Special Lecture (by Kenny, Sophie, Vince) -- Recommendations and matching

Abstract of Kenny’s Talk: In recommendation settings, there is an apparent trade-off between the goals of accuracy (to recommend items a user is most likely to want) and diversity (to recommend items representing a range of categories). As such, real-world recommender systems often explicitly incorporate diversity separately from accuracy. This approach, however, leaves a basic question unanswered: Why is there a trade-off in the first place? We show how the trade-off can be explained via a user’s consumption constraints—users typically only consume a few of the items they are recommended. In a stylized model we introduce, objectives that account for this constraint induce diverse recommendations, while objectives that do not account for this constraint induce homogeneous recommendations. This suggests that accuracy and diversity appear misaligned because standard accuracy metrics do not consider consumption constraints.
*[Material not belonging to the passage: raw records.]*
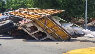 بسبب التخسفات … انقلاب لوري يحمل مادة طحين الحصة التموينية وسط بغداد
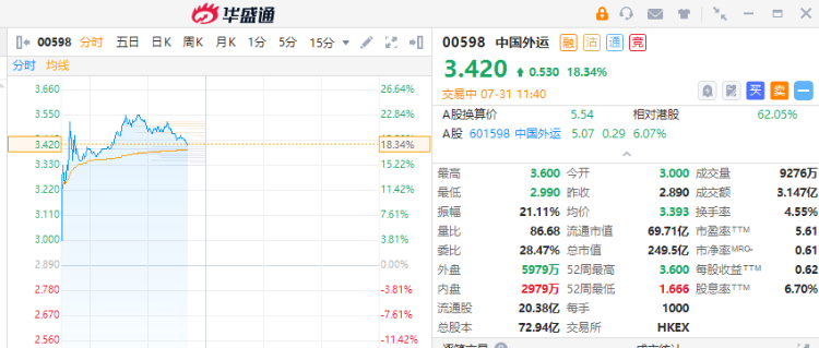 中国外运(00598)早盘一度涨超22%,截至发稿,涨18.34%,报3.42港元,成交额3.14亿港元。公司股价今年以来大涨45%。
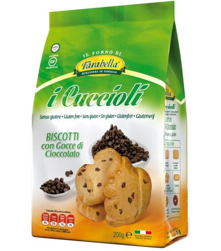 IL FORNO DI FARABELLA - I CUCCIOLI con Gocce di Cioccolato - Descrizione Biscotti con gocce di cioccolato. Senza glutine, specificamente formulati per celiaci. Ingredienti Amido di mais, olio di girasole, zucchero, gocce di cioccolato fondente (7,9%), farina di mais, farina di riso diastasata, pann… ...
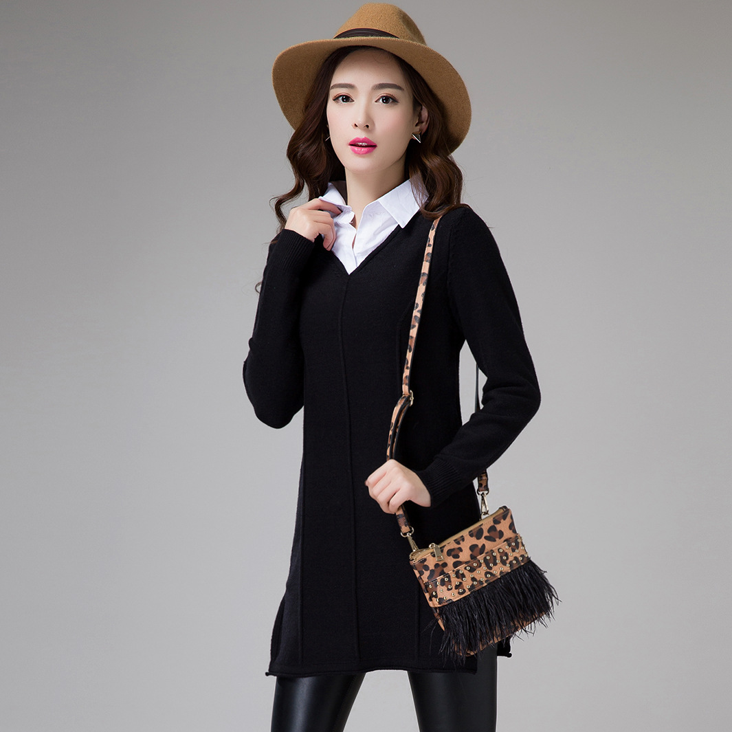 秋冬新款大碼女裝假兩件毛衣女針織打底衫套頭中長款襯衫領外套潮 /

Abstract of Sophie’s Talk: In the basic recommendation paradigm, the most relevant item is recommended to each user. This may result in some items receiving lower exposure than they “should”; to counter this, several algorithmic approaches have been developed to ensure item fairness. These approaches necessarily degrade recommendations for some users to improve outcomes for items, leading to user fairness concerns. In turn, a recent line of work has focused on developing algorithms for multi-sided fairness, to jointly optimize user fairness, item fairness, and overall recommendation quality.
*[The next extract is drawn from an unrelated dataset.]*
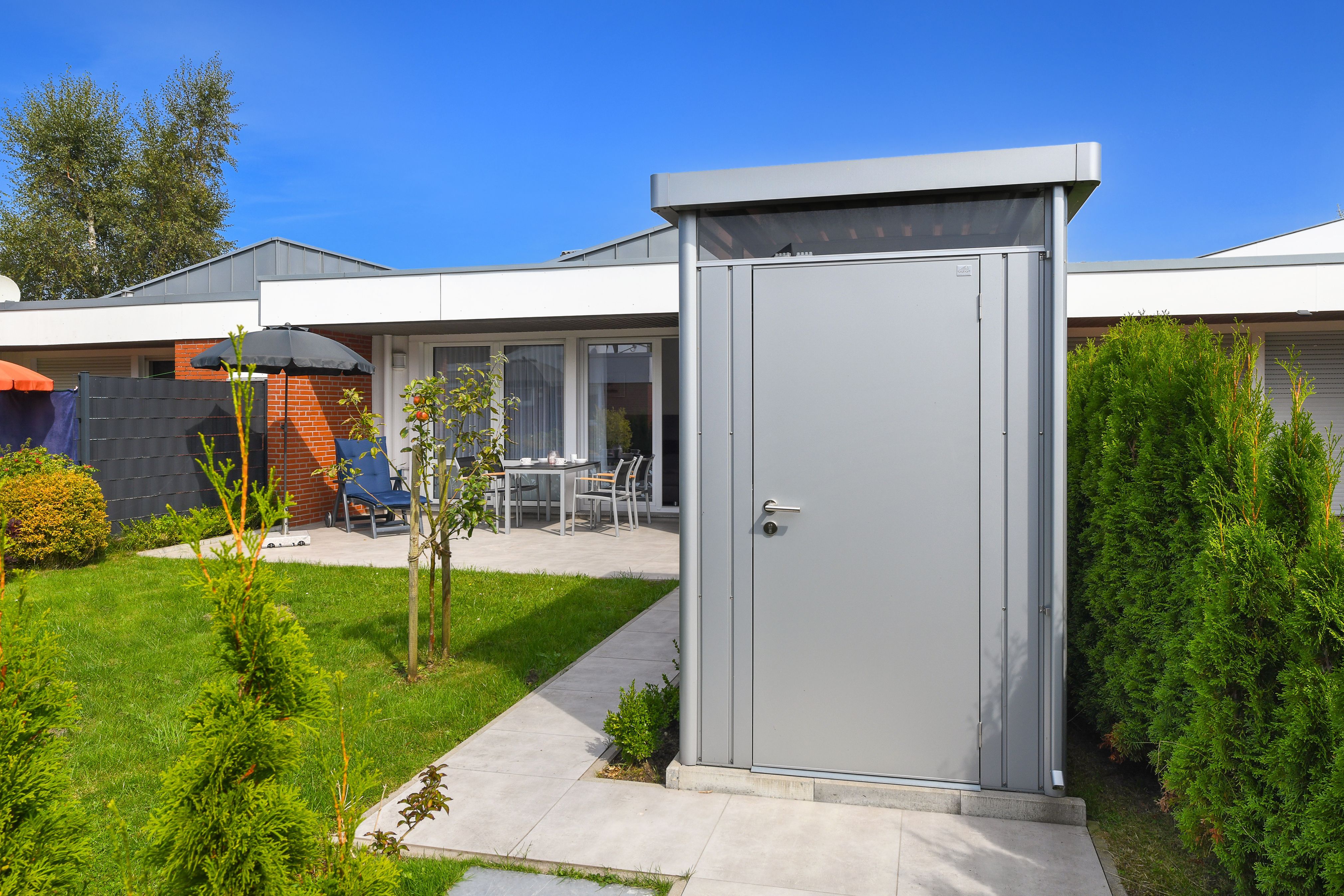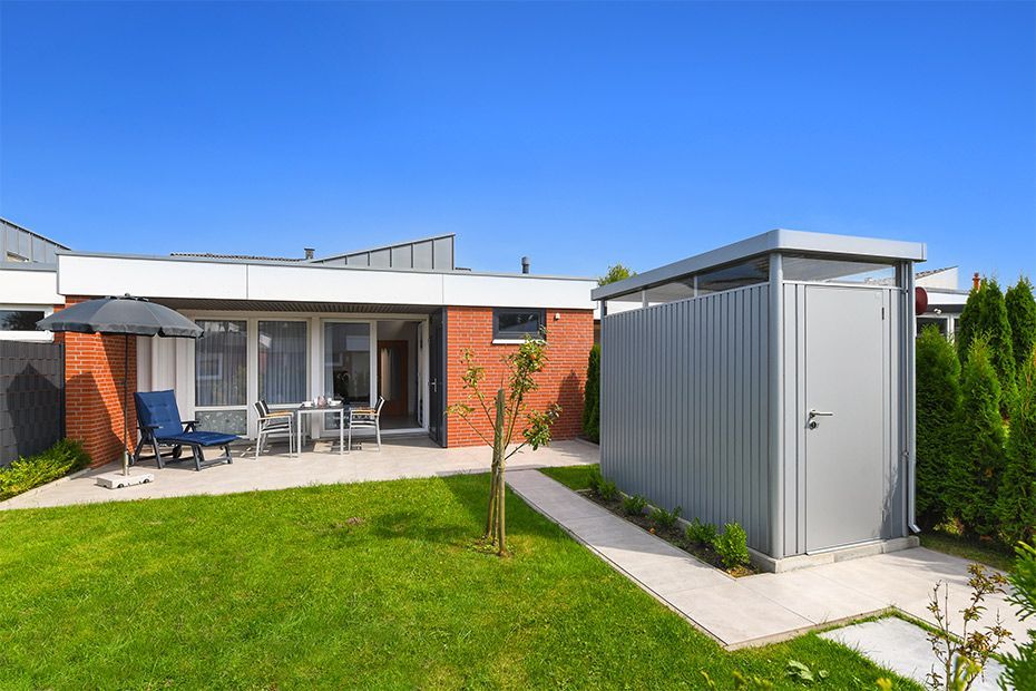 Abschließbarer Fahrradschuppen mit Lademöglichkeit für Fahrräder

In this talk, I will introduce item fairness and multi-sided fairness in recommendation. Then, I will discuss our recent work addressing the question: what is the tradeoff between these user fairness and item fairness, and what are the characteristics of (multi-objective) optimal solutions? In this work, we develop a theoretical model of recommendations with user and item fairness objectives and characterize the solutions of fairness-constrained optimization. We identify two phenomena: (a) when user preferences are diverse, there is “free” item and user fairness; and (b) users whose preferences are misestimated can be especially disadvantaged by item fairness constraints. Empirically, we build a recommendation system for preprints on arXiv and implement our framework, measuring the phenomena in practice and showing how these phenomena inform the design of markets with recommendation systems-intermediated matching.
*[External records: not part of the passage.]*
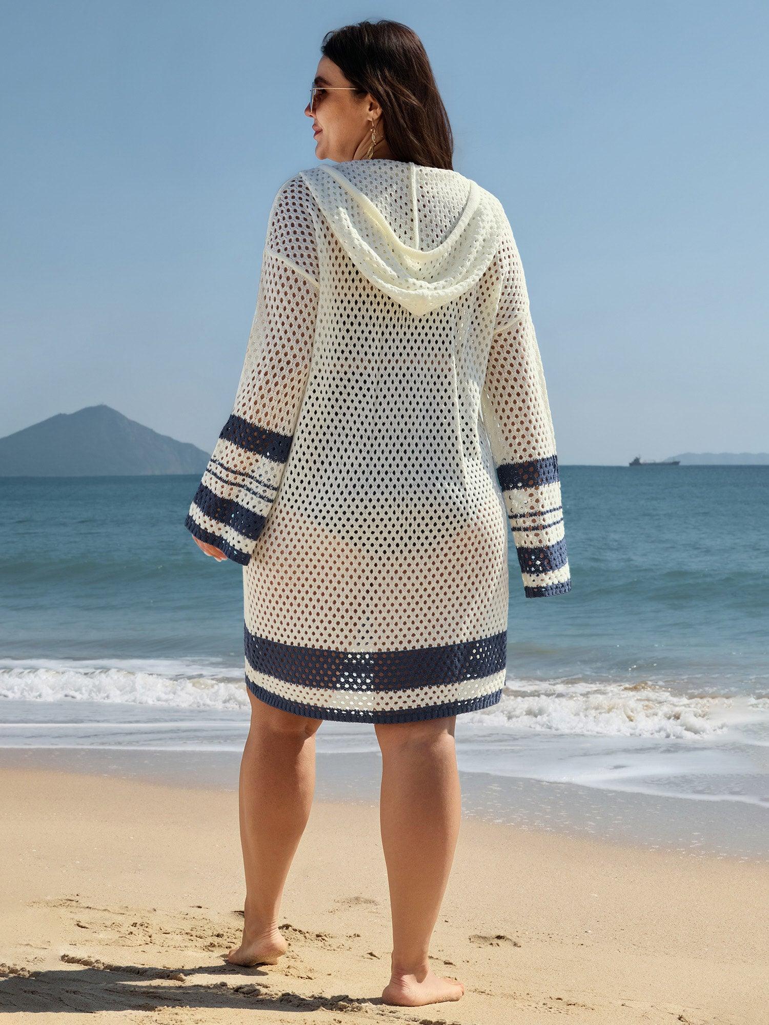 Shop Striped Cut-Out Hooded Swim Cover-Up now and redefine your style with confidence at BloomChic. Tailored for mid and plus-size women. This trendy Swimwear Women, sizes 10-30. Color:Original White;Style:Resort;Neckline:Hooded;Sleeve Type:Drop shoulder sleeve;Prints:Geometric & color block;Details:Contrast, Cut-Out, Drawstring;Pocket:No-pocket;Belt:No-belt;Chest pad:No-chest pad;Lining:No-lining;Closure Type:Non;Swimsuit types:Pullover Cover-Ups
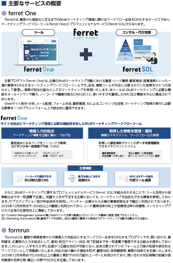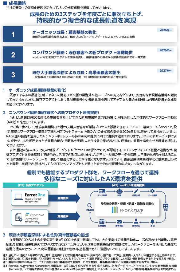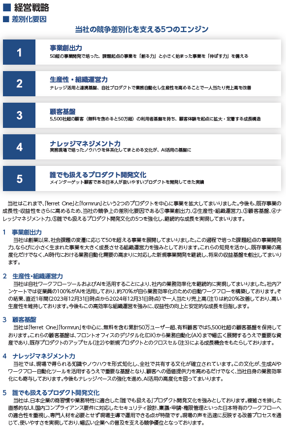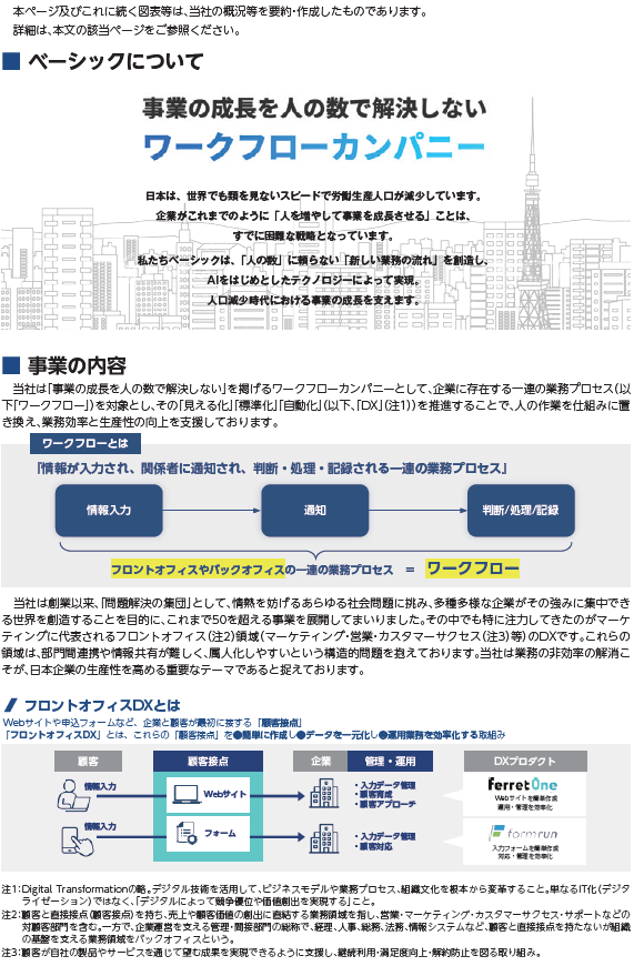 事業内容:ワークフローカンパニーとして、フロントオフィス業務を起点に、業務を支える各種ツールを通じて業務の自動化と生産性向上を支援
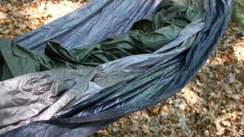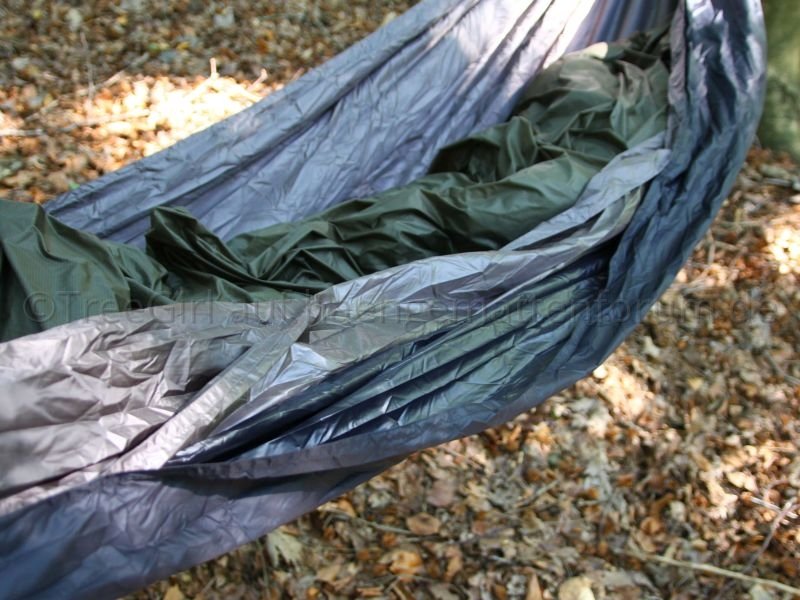 Die Jarrah ist eine normale, doppellagige Hängematte ohne Netz. Es gibt keine ungewöhnlichen oder neuen Features, weshalb man sich unbedingt diese Hängematte kaufen müsste. Aber das Angebot an doppellagigen Hängematten ist in Europa dürftig, deshalb wäre die Jarrah für Einsteiger die eine Isomatte als Isolierung verwenden wollen zunächst einmal nicht uninteressant. Ich habe sie zwar mit einem Underquilt verwendet, brauchte aber zwei Lagen um eine übermäßige Dehnung zu vermeiden. Die verwendeten Stoffe sind Pertex® Quantum 55g außen, und Pertex® Quantum 35g innen. Einlagig verwendet wie bei der Mugga oder Karri haben sie mehr Dehnung als ich vertrage. Zusammen haben sie eine vergleichsweise geringe Dehnung.
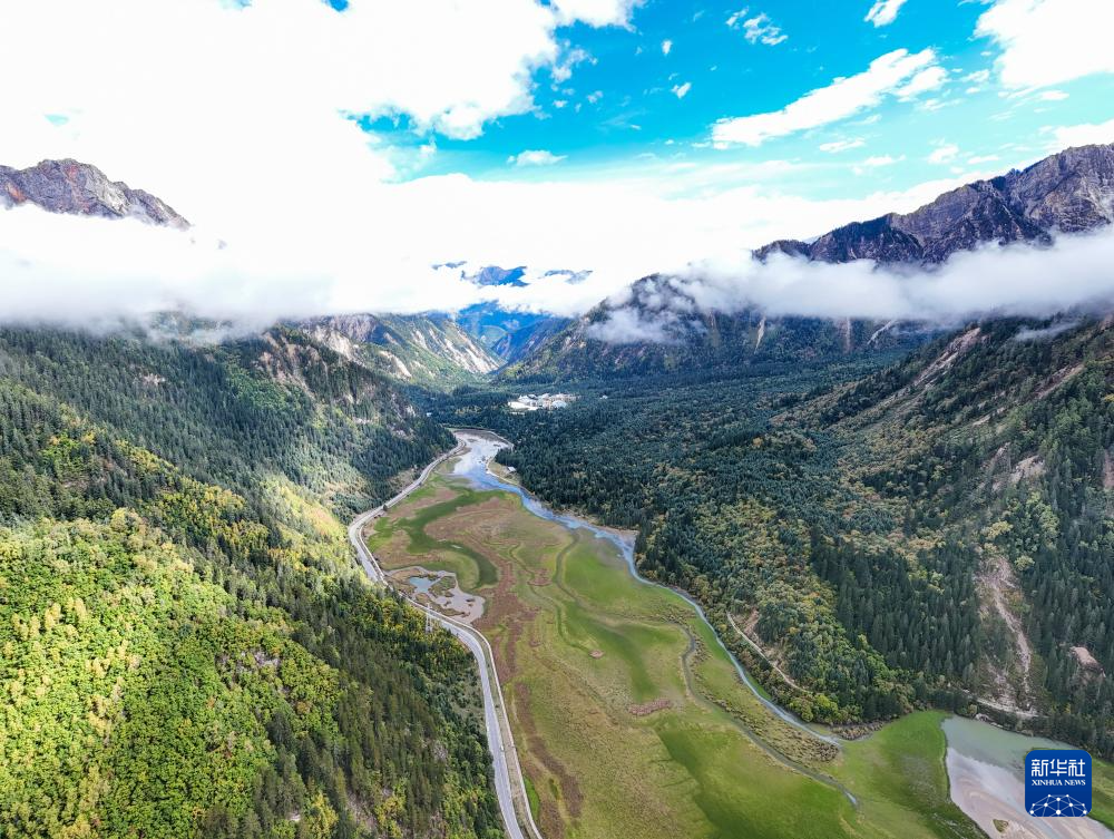 這是10月10日拍攝的九寨溝縣中國(guó)綠發(fā)華美勝地度假區(qū)(無(wú)人機(jī)照片)。新華社記者 王曦 攝

Abstract of Vince’s Talk: Every year in the US, over 3 million older adults are discharged from hospitals into long term care facilities, like nursing homes. Many of these patients are not immediately discharged and spend time at the hospital though they are ready to be discharged. Meanwhile, both hospital staff and care facility operators devote significant resources to facilitate placement, for example by placing calls to refresh outdated placement data, in order to mitigate the significant operating costs of an occupied hospital bed or vacant facility bed. I present my work supporting the placement of over 200 patients into long term care facilities in Hawai’i.

First I will present work in deploying a conversational SMS agent to address hospital staff data needs with 1,047 care facilities – showing that aligning with existing workflows and improving accuracy and timeliness of data can provide value and improve outcomes, even absent sophisticated algorithmic recommendations. Second, I will present an experiment to better understand preferences among care homes with respect to patients, and how on-the-ground factors play a role in preferencing and ultimately interest in a patient placement. Lastly, I will present on-going work in the design of levers within a dashboard used by hospital staff to enable better timeliness of data and in-turn patient placement outcomes.
Lecture

10/02
Wednesday

Special Lecture (by Gabriel, Sidhika, Zhi) -- Heterogeneous reporting in NYC311 systems
Optional Readings:
- Quantifying Spatial Under-reporting Disparities in Resident Crowdsourcing
- A Bayesian Spatial Model to Correct Under-Reporting in Urban Crowdsourcing
Abstract of Gabriel’s Talk: Decision-makers often observe the occurrence of events through a reporting process. City governments, for example, rely on resident reports to find and then resolve urban infrastructural problems such as fallen street trees, flooded basements, or rat infestations. Without additional assumptions, there is no way to distinguish events that occur but are not reported from events that truly did not occur. Because disparities in reporting rates correlate with resident demographics, addressing incidents only on the basis of reports leads to systematic neglect in neighborhoods that are less likely to report events.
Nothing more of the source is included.